Canicule: trois réacteurs nucléaires à l'arrêt et huit à puissance réduite en France

Trois réacteurs nucléaires sont à l'arrêt, situés au bord de fleuves, et huit autres fonctionnent à puissance réduite, en raison de la chaleur qui règne sur la France dimanche, a indiqué l'exploitant EDF à l'AFP.

"À cause des conditions climatiques et pour respecter les arrêtés sur les rejets, et donc l'environnement", les réacteurs n°2 à Golfech (Tarn-et-Garonne), au bord de la Garonne, n°3 à Bugey (Ain), au bord du Rhône, et n°2 à Chooz (Ardennes), au bord de la Meuse, sont arrêtés.

Des "adaptations de puissance" touchent les réacteurs n°1 et 2 à Saint-Alban (Isère), n°1 et 3 dans la centrale du Blayais (Gironde), n°4 et 5 à Bugey, n°1 à Chooz et n°3 à Tricastin (Drôme), a détaillé l'entreprise publique.

La France compte 57 réacteurs nucléaires, assurant quelque 70% de sa production d'électricité, et tous sont installés au bord d'un fleuve ou de la mer pour permettre le refroidissement des installations.

En vue de limiter les dégâts sur les écosystèmes aquatiques provoqués par la chaleur de l'eau rejetée par les centrales, l'Autorité de sûreté nucléaire (ASNR) fixe pour chaque site des limites de température de l'eau, qui obligent EDF à abaisser dans certaines circonstances le niveau d'activité de ses centrales nucléaires.

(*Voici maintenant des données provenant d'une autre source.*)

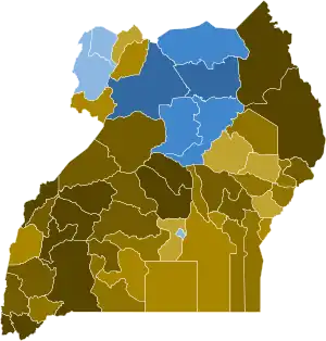 ![]() Results by district Museveni: 50–60% 60–70% 70–80% 80–90% >90% Besigye: 50–60% 70–80% 80–90% | ||||||||||||||||

Toute vague de chaleur, comme celle qui a commencé le 4 juillet en France, aboutit donc à réduire la production d'électricité.

Samedi, le ministère de l'Économie avait publié au Journal officiel une dérogation à ces limites pour la centrale de Bugey, "afin d'assurer la sécurité du réseau électrique", jusqu'au 20 juillet.

Cette dérogation avait été réclamée par EDF en invoquant les exigences de production du gestionnaire du réseau de transport d'électricité, RTE.

L'exploitant des centrales proposait "une limite temporaire de 1°C en matière d'échauffement de l'eau du Rhône entre l'amont et l'aval de la centrale nucléaire pendant cette situation exceptionnelle, assortie d'un programme de surveillance renforcée de l'environnement en rapport avec ces rejets", selon le courrier cité par le gouvernement.